Made without permission: how Iran’s underground cinema owned 2025

Looking back at Iranian films in 2025, one fact is hard to miss: it was underground cinema—not the country’s officially sanctioned productions—that defined the year internationally.

Looking back at Iranian films in 2025, one fact is hard to miss: it was underground cinema—not the country’s officially sanctioned productions—that defined the year internationally.
Independent Iranian films, made without permits and often in open defiance of compulsory hijab rules, dominated major festivals and prize lists.
The clearest signal came at Cannes, where the Palme d’Or crowned an underground Iranian production, sealing 2025 as an exceptional year for dissident cinema.
By contrast, Iran’s official films—produced with licences and strict ideological constraints—largely failed to gain traction abroad.
The standout was A Simple Accident by Jafar Panahi, which not only won the Palme d’Or but went on to become one of the most prominent titles of the global awards season, with realistic prospects at the Oscars and Golden Globes.
Youth, society and refusal
Many of the year’s most striking films explored Iranian society through the eyes of a younger generation increasingly at odds with official norms.
Sunshine Express by Amir-Ali Navaei, screened in the main competition at the International Film Festival Rotterdam, rejected conventional storytelling in favour of a disquieting, abstract journey that mirrors the layered complexity of contemporary Iran.
Also at Rotterdam, Jamaat by Sahand Kabiri, shown in the “Bright Future” section, sought to reclaim parts of Iran’s social history long absent from official cinema, offering an unvarnished portrait of a generation that openly rejects prescribed rules.
Berlin hosted A Thousand and One Frames by Mehrnoush Alia, an underground film made inside Iran featuring women without compulsory hijab.
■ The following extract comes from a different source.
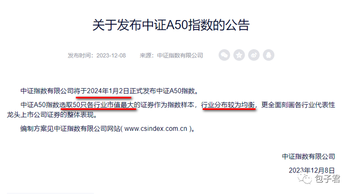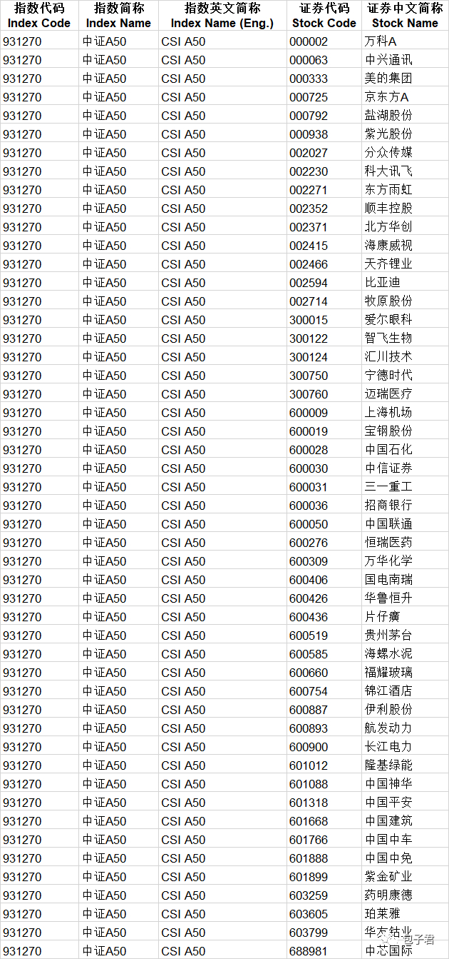 之前的不少指数容易出现“某个赛道涨到巅峰时,就把相关公司都纳入指数;等这个赛道跌到低谷时,又把这些公司都踢出指数”的情况。中证A50指数编制规则修复了这个缺陷,中证A50指数是每个赛道只选一家公司,茅台、恒瑞、比亚迪、宁德、迈瑞、药明、伊利、宝钢等在各自的赛道的龙头地位都很难被颠覆,因此指数成分股变化的不会很频繁。

Its freer visual space aligns with its themes, even as such work risks being weaponised by hardliners who have long labelled Iranian cinema “corrupt”—a charge historically used to justify censorship and control.
Venice screened two underground social films: Divine Comedy by Ali Asgari, which uses subtle humour to depict the frustrations of filmmaking under censorship, and Inside Amir by Amir Azizi, a portrait of Tehran’s underground life.

Tehran on screen
Several films offered stark depictions of Tehran today.
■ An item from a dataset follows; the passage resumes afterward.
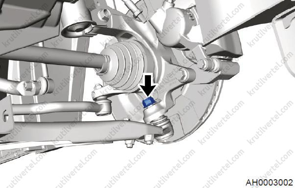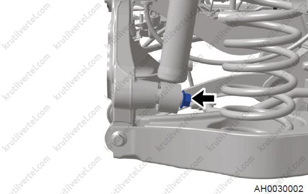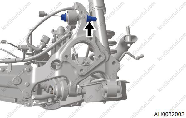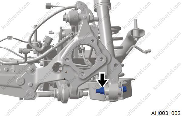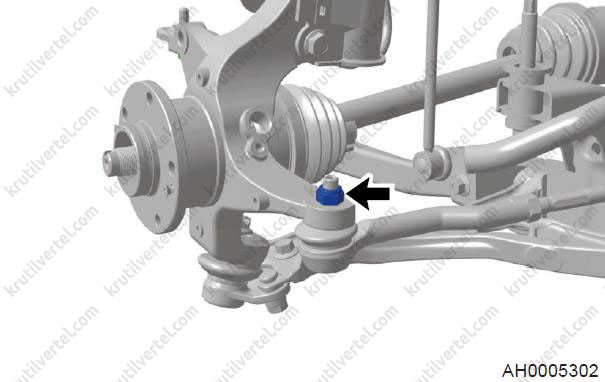 - Кульовий палець переднього лівого важеля керування у зборі.

Bidad by Soheil Beiraghi won the Special Jury Prize at the Karlovy Vary International Film Festival. It follows Sati, a Gen Z woman barred from singing publicly, who ultimately takes to the streets—turning personal defiance into a metaphor for a generation demanding its rights in public space.
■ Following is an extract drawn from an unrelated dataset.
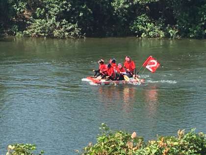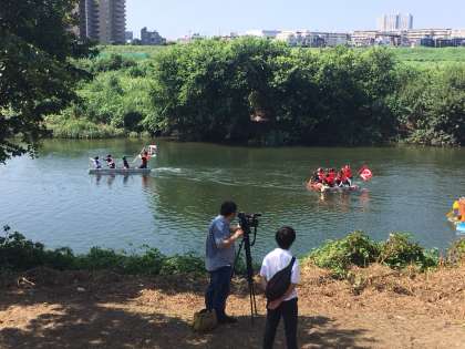 8/25 アド多摩 その2 公開日 2019/08/25 更新日 2019/08/25 学年 川下りスタート! 声を合わせ、力を合わせ、心を一つにゴールを目指します。夏休み中に試行錯誤しながら、完成させたいかだで川を下れるのは今日この日だけ! 全チームがゴールし、最後は参加者全員で記念撮影☆ナイスファイト!

Ali Behrad’s Tehran, Be With You, also screened at Karlovy Vary, presents an uncompromising portrait of young life in the capital and remains banned inside Iran.
Duality by Abbas Nezam-Doost (Tallinn) and Between Dream and Hope by Farnoush Samadi (Toronto) similarly set out to document everyday life in contemporary Tehran from different angles.
Experimentation and exile
Formal experimentation also marked the year. Shahram Mokri’s Black Rabbit, White Rabbit, shot in Tajikistan, sidesteps Iran’s restrictions and extends his signature style of long takes, interlocking narratives and circular storytelling.
Ali Farahmand’s debut Only the Voice Remains, screened in Beijing, is a black-and-white, dialogue-free work dense with cinematic references.
Filmmakers in exile were equally visible. Abdolreza Kahani’s The Mortician, shot on a mobile phone, stood out at the Edinburgh festival, following an Iranian mortician in Canada with ambiguous ties to the Iranian embassy.
Depth of Night by Farhad Vilkiji revisited Iran’s chain murders, while Sepideh Farsi screened her documentary Put Your Soul on Your Hand and Walk on Palestine at Cannes.

Memory and documentary
Themes of revolution and memory surfaced in Ah, What Happy Days They Were by Homayoun Ghanizadeh, premiered in Tallinn, which brings together Ali Nassirian, Navid Mohammadzadeh, Peyman Maadi, Golshifteh Farahani and Shirin Neshat in a fragmented conversation linking family history to revolution.
Documentary cinema also fared strongly. Saeed Nouri’s Tehran: An Unfinished History, assembled from pre-revolutionary films, screened at Rotterdam.
Mehrdad Oskouei won best film at IDFA for The Moon and the Pink Fox, about an Afghan girl in Iran seeking to reach Europe, while The Past Is a Continuous Future by Firoozeh Khosravani also received an IDFA prize.
Together, these films offered a portrait of Iranian cinema in 2025 that was defiant, experimental and overwhelmingly shaped by voices working beyond the state’s boundaries.